#### [Task directions]
In your reply, repeat the full listing exactly and leave each picture out.

#### [Materials provided]

------------------------------------

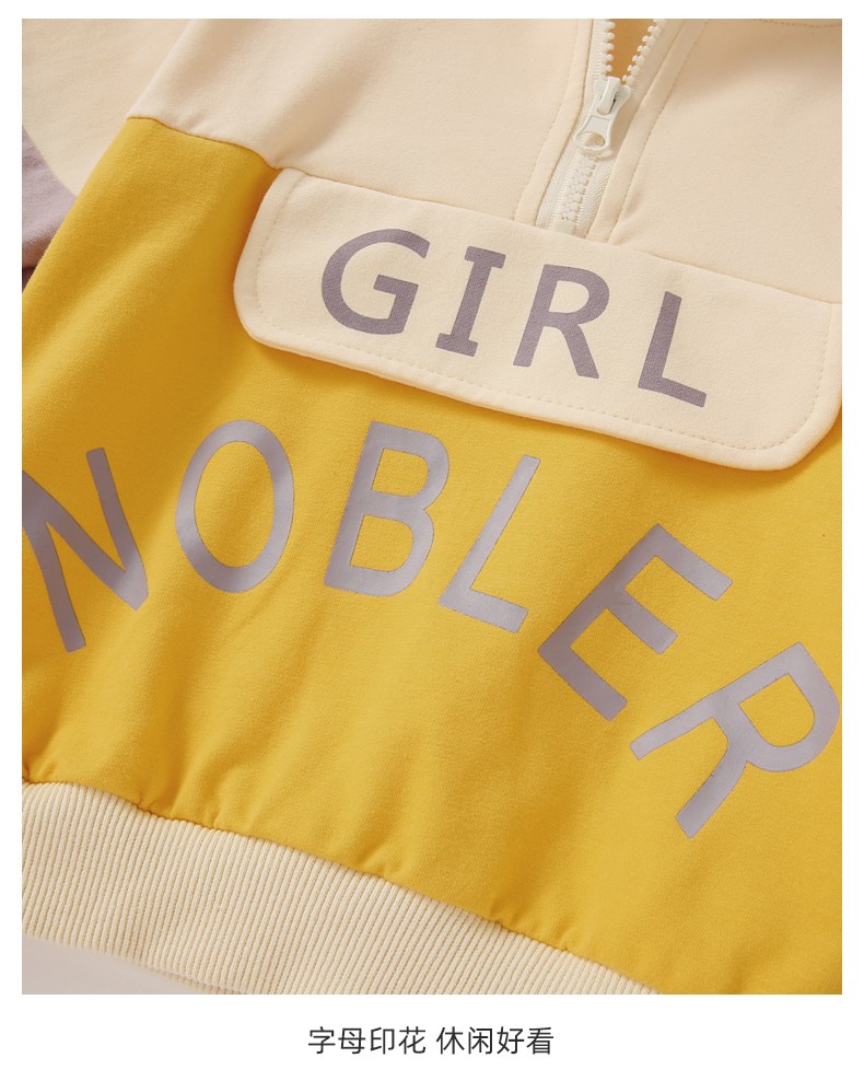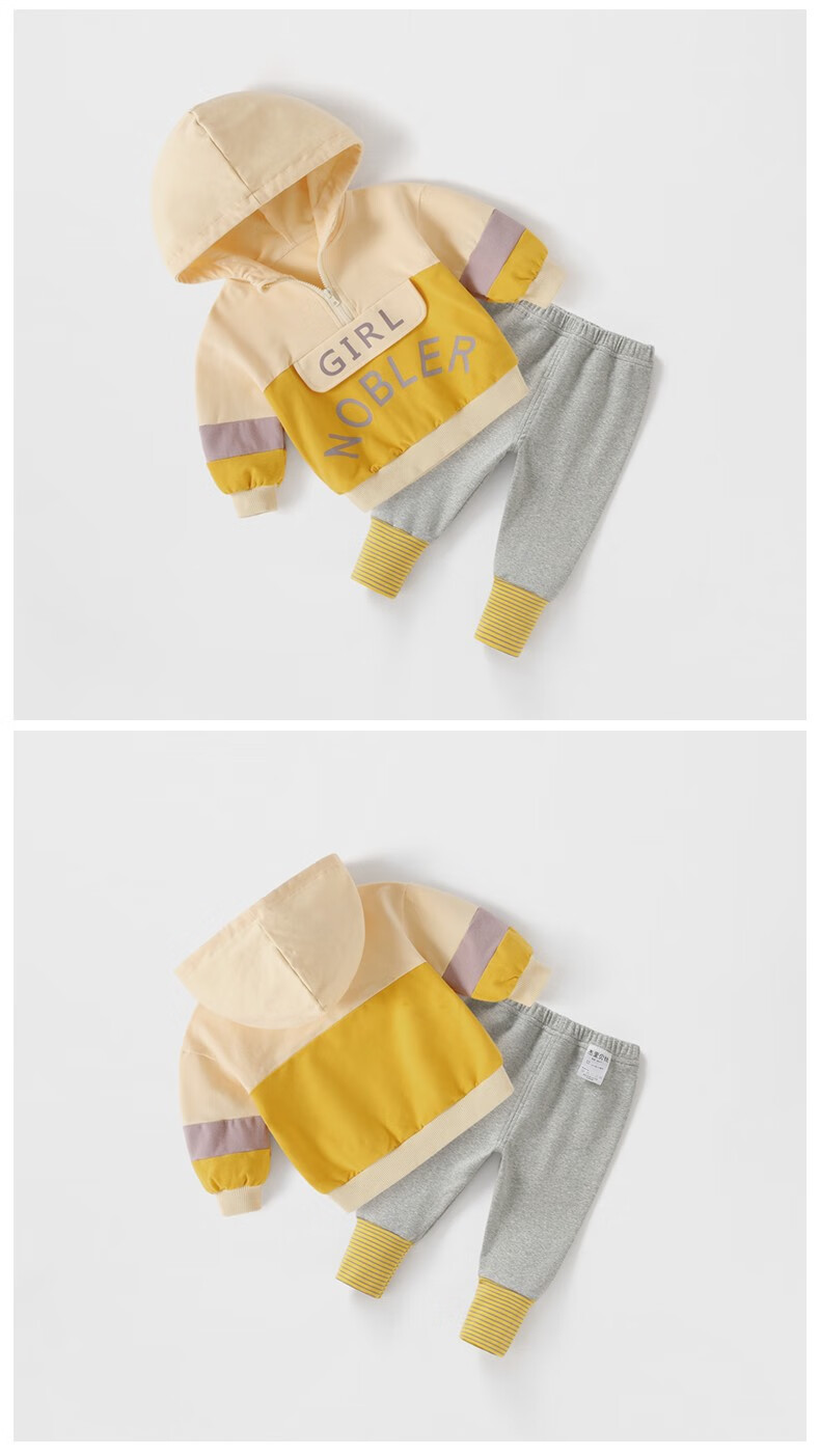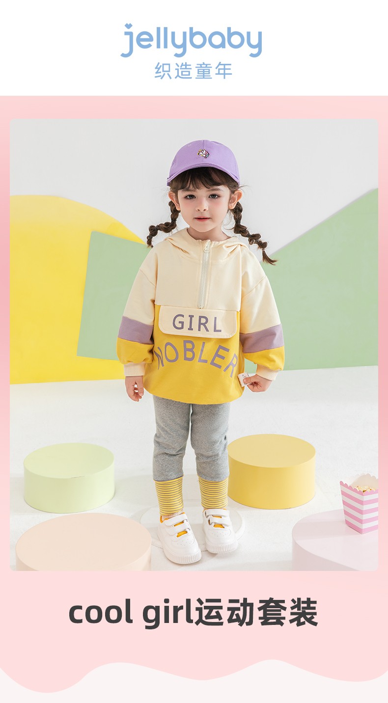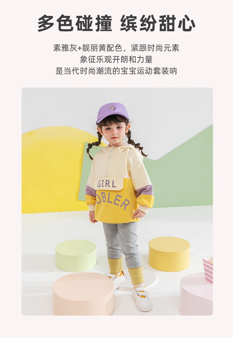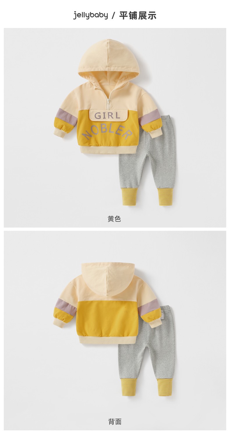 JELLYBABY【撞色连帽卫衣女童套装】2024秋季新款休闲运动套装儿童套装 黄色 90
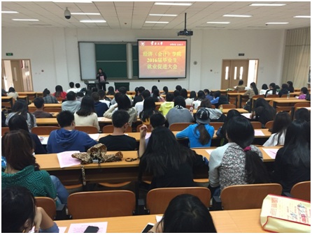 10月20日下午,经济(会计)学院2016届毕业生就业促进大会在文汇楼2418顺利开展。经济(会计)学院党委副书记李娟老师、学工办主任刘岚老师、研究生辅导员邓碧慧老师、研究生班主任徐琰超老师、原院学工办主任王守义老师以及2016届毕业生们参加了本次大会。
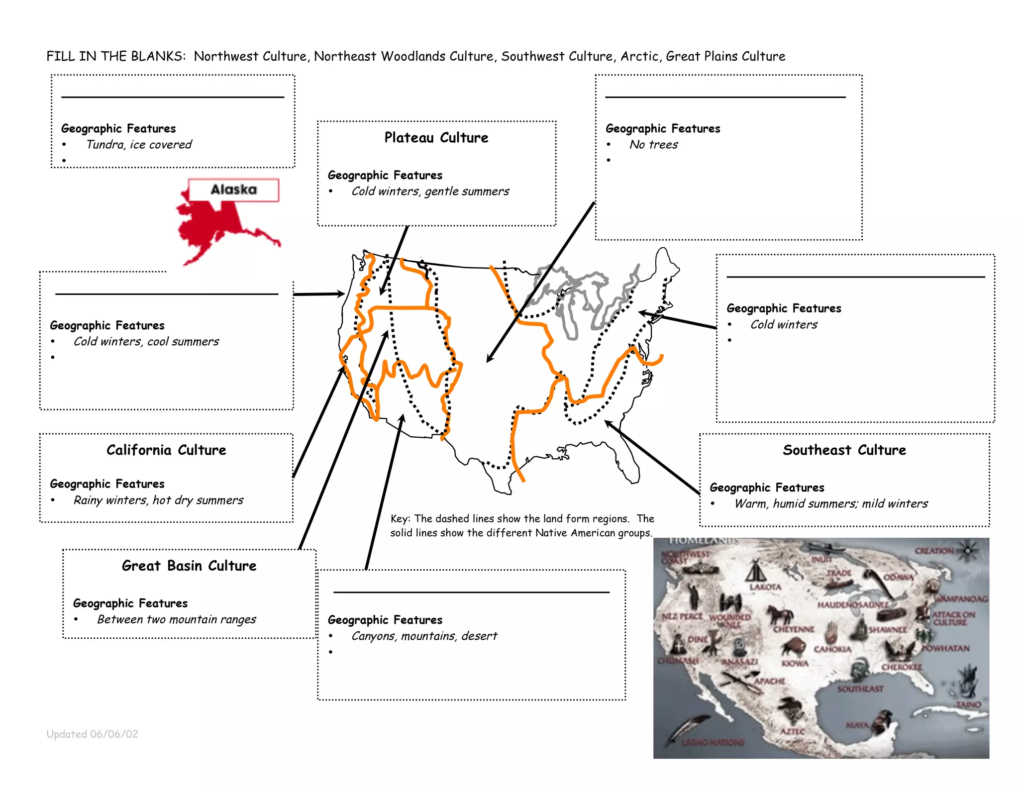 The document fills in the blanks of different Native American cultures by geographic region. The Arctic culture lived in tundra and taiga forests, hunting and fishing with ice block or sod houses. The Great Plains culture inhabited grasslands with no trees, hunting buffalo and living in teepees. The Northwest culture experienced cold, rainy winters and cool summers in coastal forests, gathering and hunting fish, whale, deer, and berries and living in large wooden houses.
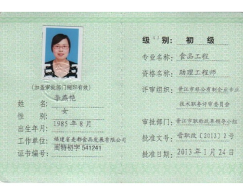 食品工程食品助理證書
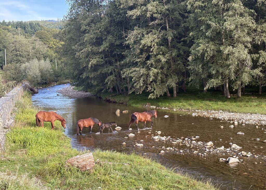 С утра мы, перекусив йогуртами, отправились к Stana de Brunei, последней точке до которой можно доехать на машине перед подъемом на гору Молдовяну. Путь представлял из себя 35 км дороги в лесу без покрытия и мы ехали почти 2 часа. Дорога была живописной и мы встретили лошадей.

------------------------------------

#### [Your response]
 JELLYBABY【撞色连帽卫衣女童套装】2024秋季新款休闲运动套装儿童套装 黄色 90
 10月20日下午,经济(会计)学院2016届毕业生就业促进大会在文汇楼2418顺利开展。经济(会计)学院党委副书记李娟老师、学工办主任刘岚老师、研究生辅导员邓碧慧老师、研究生班主任徐琰超老师、原院学工办主任王守义老师以及2016届毕业生们参加了本次大会。
 The document fills in the blanks of different Native American cultures by geographic region. The Arctic culture lived in tundra and taiga forests, hunting and fishing with ice block or sod houses. The Great Plains culture inhabited grasslands with no trees, hunting buffalo and living in teepees. The Northwest culture experienced cold, rainy winters and cool summers in coastal forests, gathering and hunting fish, whale, deer, and berries and living in large wooden houses.
 食品工程食品助理證書
 С утра мы, перекусив йогуртами, отправились к Stana de Brunei, последней точке до которой можно доехать на машине перед подъемом на гору Молдовяну. Путь представлял из себя 35 км дороги в лесу без покрытия и мы ехали почти 2 часа. Дорога была живописной и мы встретили лошадей.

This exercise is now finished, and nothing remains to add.